Князь Александр Андреевич Репнин воротился в Нижний перед самым ледоходом. Воротился без войска. Набранная им с трудом и сильно поредевшая за последние бедовые годы дворянская рать частью разбежалась, а частью полегла на подходе к Москве.
Внезапный дерзкий налет гусар Струся на подходившие с востока для соединения с Ляпуновым жидкие силы владимирцев, суздальцев, муромцев и нижегородцев завершился ужасным разгромом ополченцев. Устав от долгого похода по завьюженным дорогам, не успев закрепиться, они дрогнули после первого же удара. Кто дольше удерживался – тому больше и досталось. На другой день Андрей Просовецкий с Артемием Измайловым собрали остатки своих рассеявшихся полков и укрылись с ними за стенами Андроньева монастыря.

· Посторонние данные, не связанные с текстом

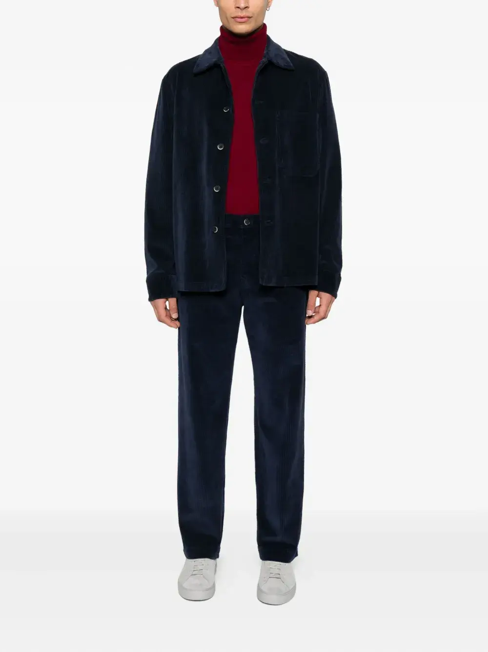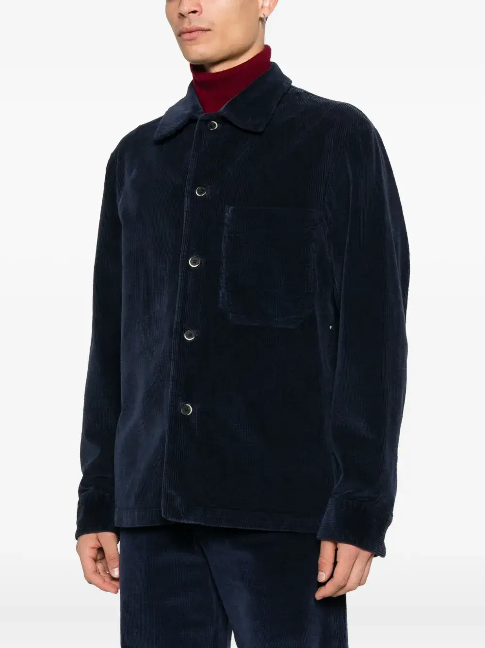 Темно-синий вельветовый фактурный материал, застежка на пуговицы, длинные рукава, накладной карман

Репнину некого было собирать, с ним оказалось всего несколько десятков измотанных ратников, и он счел за лучшее повернуть восвояси.

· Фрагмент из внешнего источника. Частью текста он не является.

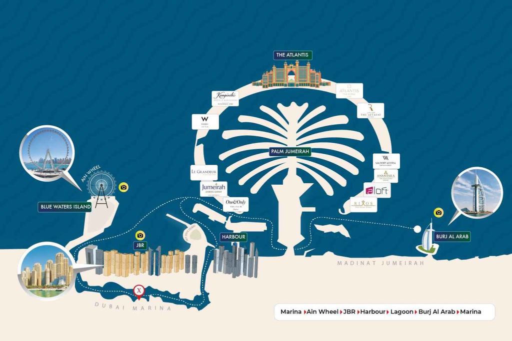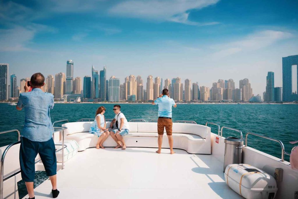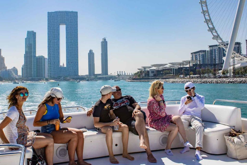 1시간 투어 루트는 두바이 마리나, 아인 휠, JBR, 두바이 하버를 돌며 선상에서 물과 열대 음료가 제공됩니다.

Тишком въехав в Нижний, Репнин затворилсяу себя в тереме. Вешние перемены нисколько не порадовали его. Лепился к блескучей слюде окон мягкий ветерок, заглядывало в них солнце, касались узорчатых решеток своей нежной зеленой опушью ветви берез – все взывало к ликованию, манило на волю, но тоска не проходила, давила гранитной глыбищей. Нижегородский воевода еще боле спал с лица, одряхлел. Муки стыда и сокрушенья вызывали телесную немочь, которая изнутри, словно жук-древоточец сохлую лесину, подтачивала и без того не отличавшегося здоровьем воеводу. Не на кого ему было опереться, некому было верить.
Еще там, под Москвой, окидывая последним взглядом поле позорного побоища и черную пелену дыма во весь окоем за ним, Репнин понял тщету любых попыток спасти то, что уже безвозвратно утрачено.
С кем он ополчился, с кем? Что его могло единить с Просовецким, Заруцким, Плещеевым, служившими тушинскому вору, когда он сам твердо стоял за Шуйского? Чем его приманил тот же Ляпунов, в недавние поры пособлявший разбоям Ивашки Болотникова? О своей корысти они пекутся, свою спесь тешат, свои умыслы лелеют, себя наперед набольших выставляют. Им ли праведности искать да честью дорожить? И они, на затушив старой, разжигают новую смуту. Кто был в раздоре, и впредь будет не в ладу. Неужели он, в отличку от них честно несший свою службу, не провидел того, безрассудно вняв зову Ляпунова и спехом кинувшись под Москву? Вышибло ум у старого дурня, всегдашнее рвение подвело, за что и поплатился. Нечего путаться собаке в волчьей стае.
Придет час, не простит ему высокое боярство унизительного сговора с нечестивым Ляпуновым, на суд призовет. И поделом! Неровне подчинился, боярскому недругу прямил. А ведь сам присягнул Владиславу, признал семибоярщину, сам, своей охотой. Так чего ж белениться? Ляпунова нешто захотел на престоле узреть? Худородство над знатью поставить? Блудодейству смутьянов потворствовать?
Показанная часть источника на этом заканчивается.